OMG! 'I'm A Conservative' - Given Enough Time And A Little Push, All Progressives End Up Right

The political aphorist Lowell Frampton once famously said, 'Give a liberal long enough, and he will become a conservative', and while of course this is not completely true - there are those for whom liberalism has so defined their character, their persona, and their very being, that no dose of reality will cure them of the hopeless idealism which has been their calling card for decades - it is generally true. 

Even the most hardened liberal will take a deep breath, open a history book, look around him, and say, 'Phooey'. 

Addison Taylor was one of these committed progressives who never thought that he would ever change from a profound commitment to social justice, the environment, and the black man.  That would simply be unthinkable.  After all, he reasoned, there are such a thing as absolute truth.  The black man, descendant of the forest and legatee of tribal wisdom, sentience, and native intelligence would always be fit for the top of the human pyramid.  Heterosexuality would always be a bad choice, an outdated, crippling imposition of white straight males.  The climate was warming due to man's obtuse ignorance, etc. etc. 

The life he lived was an immersion into liberal values, liberal thought, and liberal friends.  He had no patience nor time for anyone who did not espouse the canon - those political troglodytes who refused to see the truth or even having seen it, retreat into a defensive ignorance. 

Addison was the Chairman and CEO of Scientists For Humanity, a small liberal advocacy group which had been on the front lines of every liberal cause since the first notice of melting Antarctic ice.  He had marched on the National Mall, delivered fiery speeches on college campuses, written op-ed pieces for The Nation, was a member of every women's organization in Washington, and a fierce champion of black rights. 

'Not this year, Addie', said Artemis Phipps, new President of the Radical Women's Caucus. 'Maybe another time', referring to his taken-for-granted speaking engagements before this group of radical feminists.  His presence had been considered important, for his view - the accommodating, respectful, understanding liberal male view - was needed to complete the inner circle, and show the nation that the fight for women's equality was also a men's affairs. 
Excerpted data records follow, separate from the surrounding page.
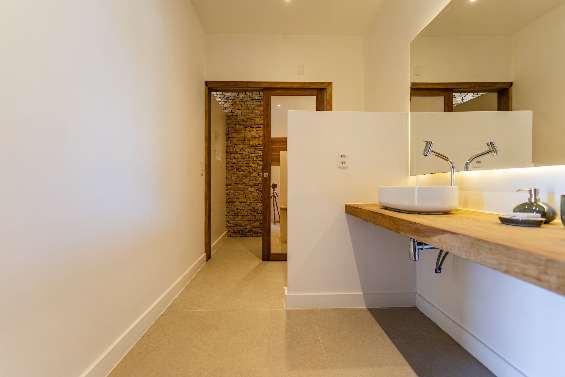 Criada para se integrar totalmente à bela decoração natural que a rodeia, a moradia possui uma cozinha americana, uma grande piscina cor de jade e 5 confortáveis suites.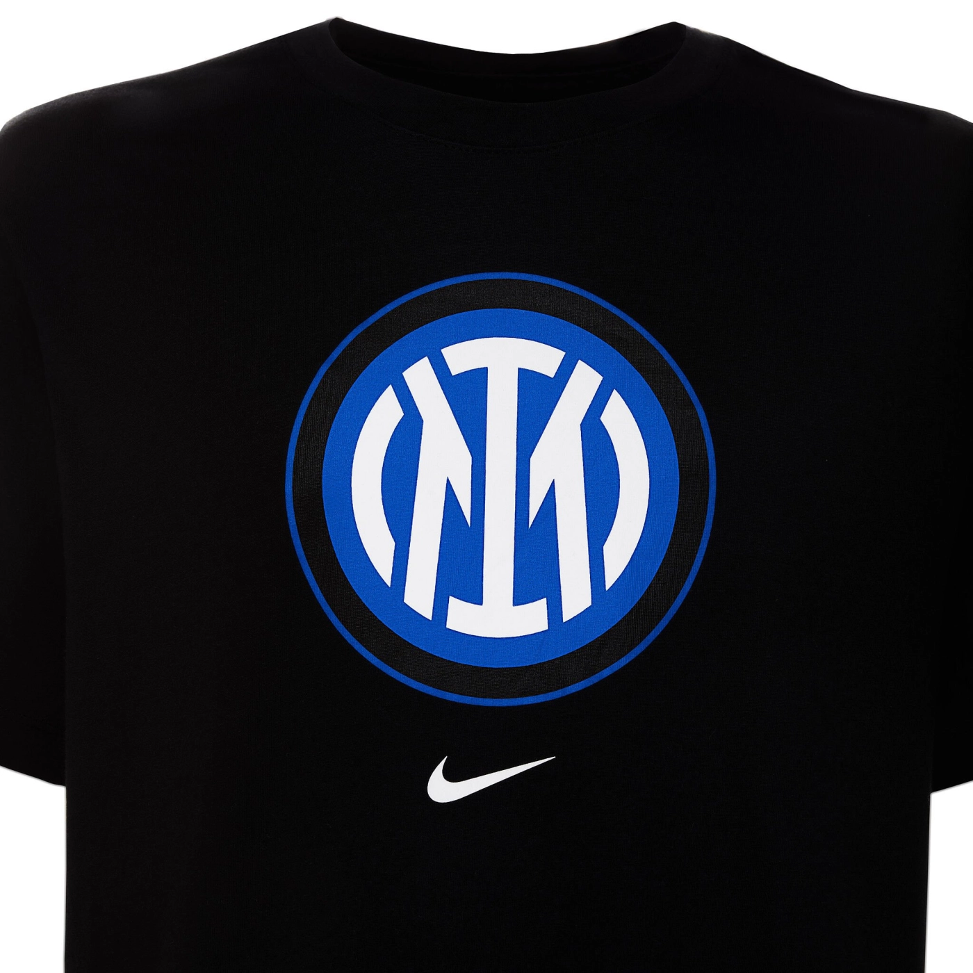 This INTER T-shirt is made of soft cotton with a ribbed neckline. Comfortable fit. The central position of the club logo and colours show your passion for the team.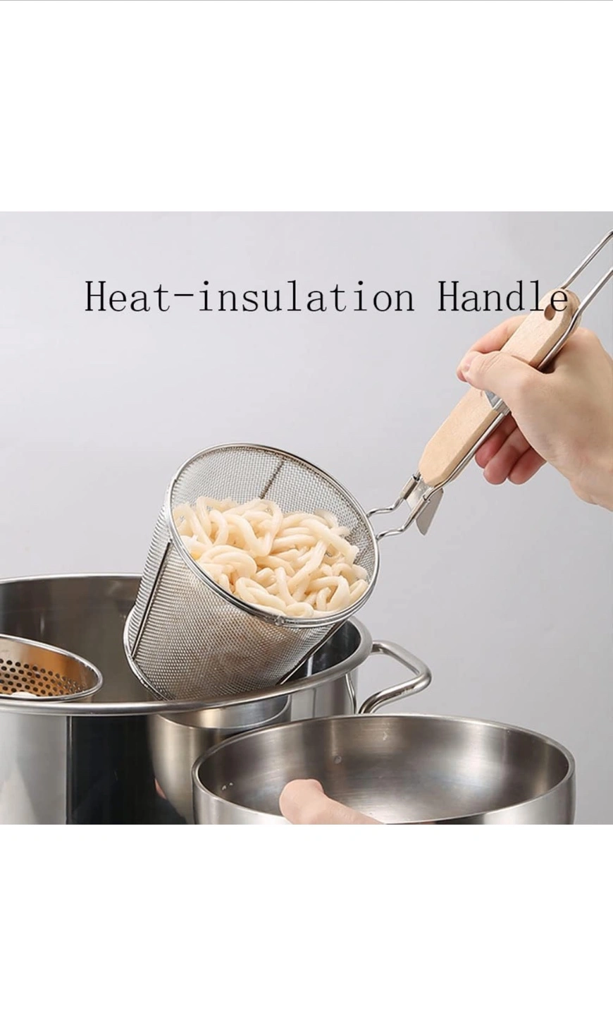 Stainless Steel Noodle Strainer with Wooden Handle

Phipps, an imposing woman from Bernal Heights, chosen to lead the Caucus because of her dyke righteousness, high-toned bitchiness, and relentless, virulent, outspoken hatred of white straight men who, she said, were responsible for forcing women to spread their legs while they went off philandering, raping, and sucking the lifeblood out of them. 

 

Understandable, thought Addison, an expected evolution, a necessary radical turn; but at the same time he felt, for the first time in his life, left out.  He was in perfect solidarity with lesbian women, with women in general, and in consonance with their suspicions of men like him; but he had shown them that he was as much of a woman as they, as militant, and as committed. 

He was allowed to attend the annual Caucus conference in Washington, but during Phipps' tenure, the whole atmosphere had changed.  Not that he wanted protest to return to the days of Martin and Ralph, black-and-white, ebony-and-ivory solidarity, but this was a slugfest.  It had turned from a reasonable colloquy of thinking women to a riot.  'Cunts For Castration'...'Twats Forever'...'Bull Dagger Power' were just a few of the signs he saw. 

Now, the women's movement had always been palatable - girls he knew at Yale from Smith, Vassar, and Holyoke refusing patriarchy while marrying well; girls from fine families endorsing the harshest penalties for discrimination in the workplace while remaining caring, thoughtful, and loving wives and mothers. 'Our kind', Addie often said, proud of his and their ancestral tradition of reason and leadership. 

This...this mosh pit, this offensive freak show, was beyond the pale; and it had happened without him realizing the change.  Overnight, it seemed, feminism had gone from propriety and discipline to gang warfare.  

It was that scene that first disturbed Addie's convictions, and when the image of Heather Morgan, blonde, demure, and loving came back to him after many years.  She was a perfect, charming, quiet, intelligent Smith girl who adored him.  Their future - a home on the North Shore, children, an extended family, wealth and privilege within a solidly liberal worldview - was real, possible, and only awaiting graduation. 

 

'You women don't want pricks up inside you, do you?', shouted Artemis Phipps from the podium.  'You want cunts, pussies, hot, slathering FEMALE juices!!!' 

The crowd roared. Women ripped off their shirts, fondled each other, kissed, and shouted, 'No pricks...No pricks....No pricks!!!' until the rafters shook. 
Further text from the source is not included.